I really don't get either of their motivations for this, particularly undermining and mocking you in their text messages. Every time he does that he is undermining and mocking your marriage, period. Who is she that she gets to mock his wife so brazenly? Who is she to him that he allows her to? This woman needs to back off, but your husband needs to be a man and start being there for his wife. Excuses about 'but she's helpless and she needs affection more than you', don't wash with me. Marriage is what he signed up for, he is meant to honour and respect YOU. Let her go and find someone of her own to molly coddle her. Graceunderpressure and Syrum are right. He is the one with the problem. You need to lay down some boundaries with him as right now he is stepping all over your feelings.
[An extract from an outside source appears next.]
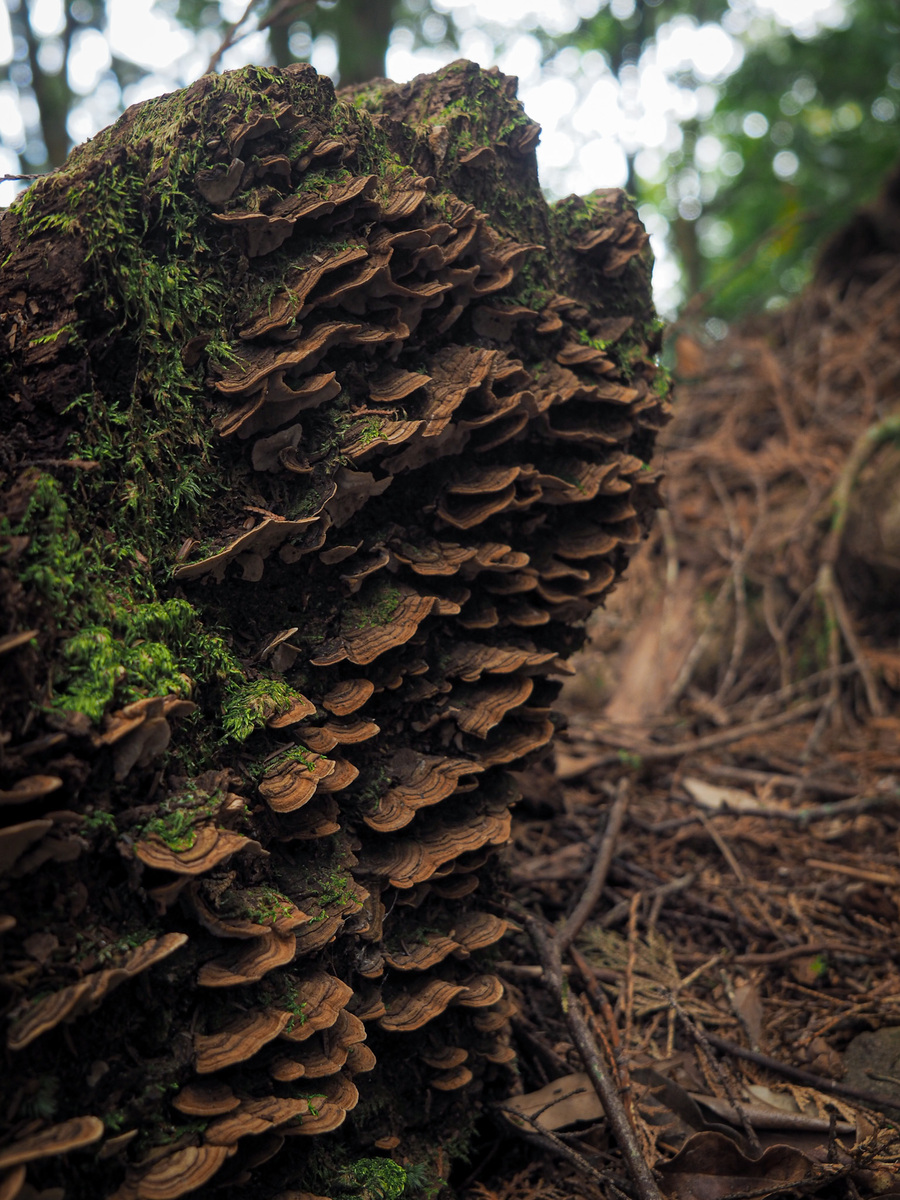 Thankfully, the calming scenery and distracting details help to distract from the relentlessness of the climb. I found much to look at in the form of mushrooms, pine cones (I wish I’d amassed a collection of the many different varieties we saw), and the pleasing glittery quality of the rocks.

He knows that too, which is why he can laugh about it with this woman. He's on dangerous ground, and if you felt that this was all above board, you wouldn't be here seeking advice from strangers. Stop internalising this issue. Sit your man down and lay down some boundaries.


----------



## loren

ICBlueEyes said:


> sometimes it's really hard to remember, and be happy and satisfied with the fact that, at the end of the day, he goes home with me. I'm the one who gets to kiss him good night and wake up with him in the morning. I'm the one he wants to make love to and build a future with, regardless of how rocky the foundation may be right now. .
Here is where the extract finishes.